The United Kingdom’s consumer price inflation unexpectedly rose to 3.5% in April 2025, up from 3.2% in March, according to new data released on Wednesday, May 21 by the Office for National Statistics (ONS). The sharp increase was driven by higher energy prices and a spike in airfares, dealing a blow to earlier hopes that inflation was on a steady downward trajectory.
The reading was well above the Bank of England’s (BoE) 2% target, and exceeded analysts’ forecast of 3.1%. It is now fueling speculation that the BoE may delay any interest rate cuts it had planned for later this year, as policymakers face renewed pressure to keep inflation in check.
“This is a setback in the disinflationary trend we observed in Q1,” said Samuel Tombs, chief UK economist at Pantheon Macroeconomics. “The Bank of England will likely adopt a more cautious tone going forward.”
What’s Driving the Jump?
According to the ONS, several key components contributed to the April spike:
- Energy bills rose due to a seasonal adjustment in the energy price cap.
- Airfares surged as Britons booked summer travel.
- Food inflation remained sticky, though slightly eased compared to previous months.
- Services inflation — a key BoE concern — climbed to 6.2%, its highest in nearly two years.
Core inflation, which strips out volatile energy and food prices, also remained high at 4.6%, indicating broad-based price pressures across the UK economy.
Market and Political Reaction
The surprise increase in inflation prompted a swift response in financial markets.
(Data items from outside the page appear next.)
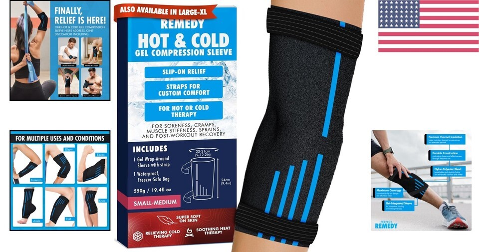 Easy Slip-On Freeze Sleeve ? Hot Cold Pain Relief for Elbows Knees, Size S-M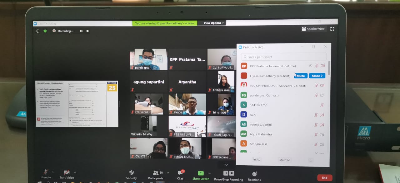 Kantor Pelayanan Pajak Pratama Tabanan menyelenggarakan Edukasi Perpajakan bertema PMK-110/PMK.03/2020 tentang Insentif Pajak untuk wajib pajak terdampak pandemi Covid-19 secara daring melalui Zoom Meeting di KPP Pratama Tabanan (Selasa, 17/11 ).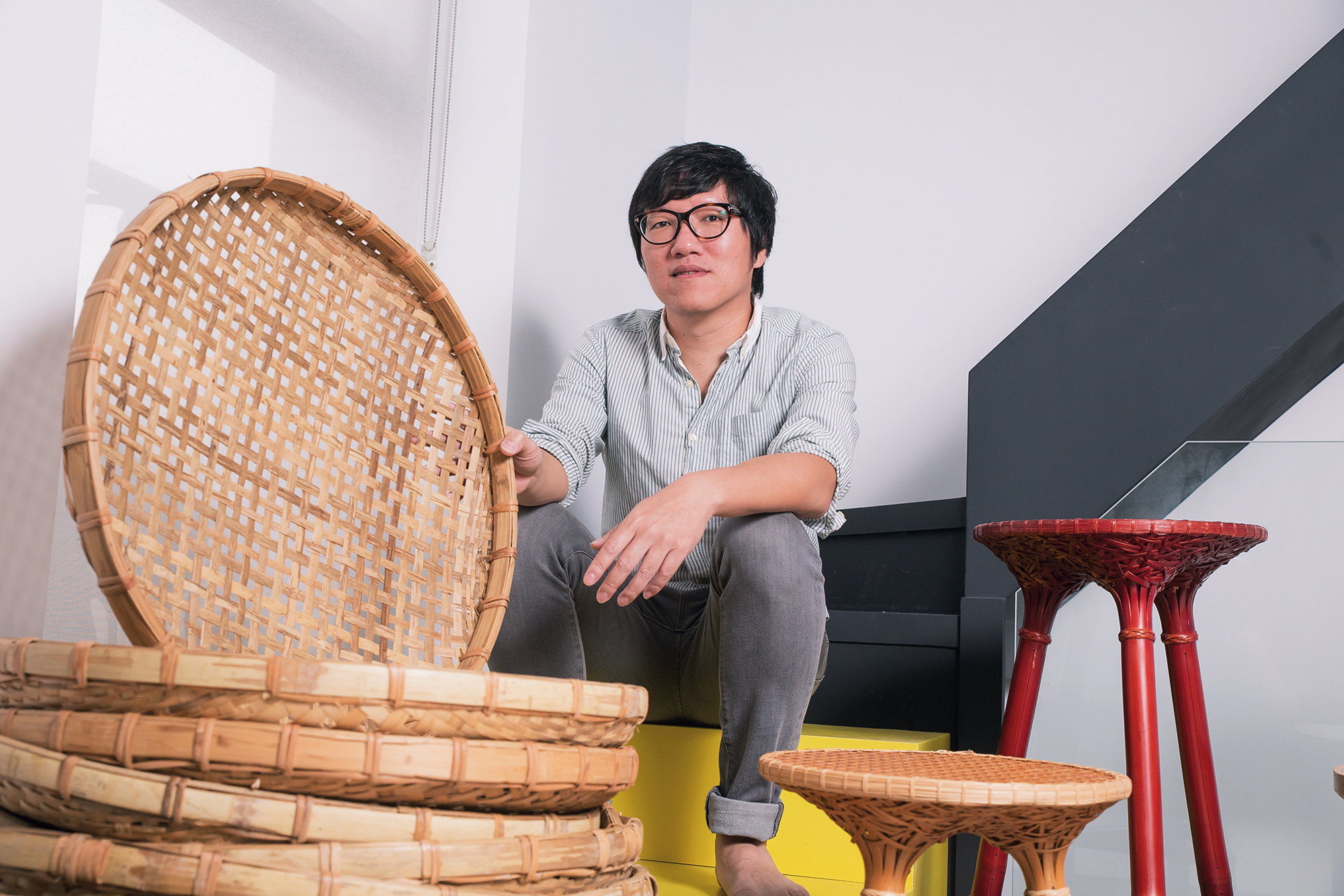 Taiwan designer Kevin Yu-jui Chou has won major international design awards (including iF and Red Dot) for his bamboo creations. (photo by Lin Min-hsuan)

UK bond yields rose, and the British pound edged higher against the euro and the U.S. dollar as investors recalibrated their expectations for monetary policy.
The figures arrive just weeks before the BoE’s next monetary policy meeting, where officials were previously expected to discuss the timeline for rate cuts. That now appears increasingly uncertain.
“We now expect the Bank to keep rates unchanged at 5.25% until at least September,” said Allan Monks, economist at JPMorgan.
The inflation jump also poses a political headache for Prime Minister Rishi Sunak, whose government has made economic stability a central theme ahead of next year’s general election. The Conservative Party has been trailing in polls, and rising living costs remain a top voter concern.
Impact on Households
For millions of UK households, the inflation uptick reinforces ongoing cost-of-living pressures. Mortgage holders remain burdened by high interest rates, and many families are still recovering from the economic aftershocks of the pandemic and energy crisis.
Consumer groups have urged the government to extend support for low-income households and reconsider planned cuts to energy subsidies, warning that vulnerable Britons face a “painful summer.”
“This will hit the most exposed the hardest,” said Caroline Abrahams, director at Age UK. “Inflation may be down from its peak, but the squeeze is far from over.”
What Comes Next?
The BoE has raised interest rates 14 times since 2021 in its fight against inflation. While price pressures had been cooling since late 2023, this latest reading could mark a turning point — or at least a pause — in the expected easing cycle.
With global energy markets volatile, wage growth stubbornly high, and geopolitical tensions persisting, inflation could remain stickier than anticipated, especially in the services sector.
“The BoE is now stuck in a holding pattern,” said Yael Selfin, chief economist at KPMG UK. “It won’t want to move prematurely and reignite inflation risks.”
As the UK navigates the delicate path between economic growth and inflation control, April’s surprise figures serve as a reminder that the road to stability is far from smooth — and that the cost of living crisis remains a defining issue for British households and policymakers alike.